A Blog About Intellectual Property Litigation and the District of Delaware


"Not invalid" may be a double negative, but it's definitely not the same as "valid." Markus Spiske, Unsplash

Chief Judge Connolly issued a short opinion this morning denying a motion for summary judgment that a patent was not patent ineligible, in C.R. Bard, Inc. v. Angiodynamics, Inc., C.A. No. 20-1544-CFC-SRF (D. Del. Jan. 3, 2024).

In short, the patentee had previously succeeded on the issue of § 101 ineligibility at the Federal Circuit, which reversed a lower-court finding of ineligibility and held that:

[T]he asserted claims in Bard’s three patents are directed to eligible subject matter under § 101.

C.R. Bard, Inc. v. Med. Components, Inc., C.A. Nos. 2022-1136, 2022-1186, 2023 U.S. App. LEXIS 3780, at *6 (Fed. Cir. Feb. 17, 2023) ("MedComp").

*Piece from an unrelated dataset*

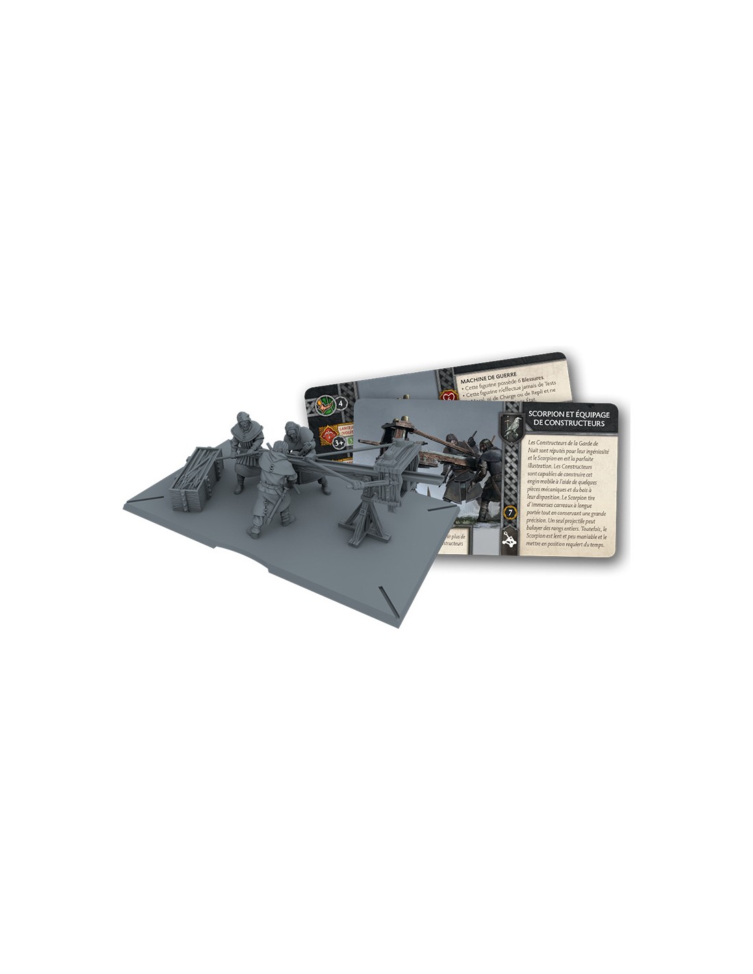 Les Constructeurs ont pour tâche de bâtir et d’assurer la maintenance des imposantes défenses de la Garde de Nuit, engins de siège compris. Bien que le Scorpion ne soit que le petit frère de la gigantesque baliste montée au sommet du Mur, il est toutefois capable de tirer un projectile de taille non négligeable à longue portée tout en conservant une précision mortelle. Il est simple à recharger et peut faucher des rangs entiers de troupes ennemies. En contrepartie, positionner un tel engin sur le champ de bataille n’est pas simple et le Scorpion demeure extrêmement vulnérable face à la cavalerie ou aux tirs.Dans Le Trône de Fer : Le Jeu de Figurines, les batailles épiques, les machinations politiques et les personnages légendaires de la célèbre saga de George R. R. Martin prennent vie sur votre table de jeu. À l’aide de magnifiques figurines pré-assemblées et de plateaux de déplacement, menez les armées et les héros des grandes Maisons de Westeros à la bataille et combattez pour le Trône de Fer au cours de nombreux modes de jeux uniques.

Based on that, the patentee moved for summary judgment of no ineligibility under § 101. The defendant opposed, arguing that it was going to argue a different theory of ineligibility than was addressed by the Federal Circuit in MedComp. D.I. 595 at 3.

The Court didn't even have to reach that position. It just pointed out that MedComp is non-precedential, and that courts do not hold that patents are "eligible" anyway:

I need not, however, engage in an exegesis of MedComp to resolve the pending motion. MedComp is a nonprecedential opinion. But more to the point, just as "courts do not declare patents to be valid, and only declare that they have not been proved to be invalid," Ball Aerosol & Specialty Container, Inc. v. Ltd. Brands, Inc., 555 F.3d 984, 994 (Fed. Cir. 2009), courts do not declare patents to be eligible under § 101, but instead declare only that a party has (or has not) established that a patent is ineligible under § 101.

"[C]ourts do not declare patents to be valid" is a principle that comes up pretty frequently in briefing. Courts and judges are usually pretty good about holding that patents are "not invalid," rather than "valid." It's good to know that the same principle applies to eligibility as well.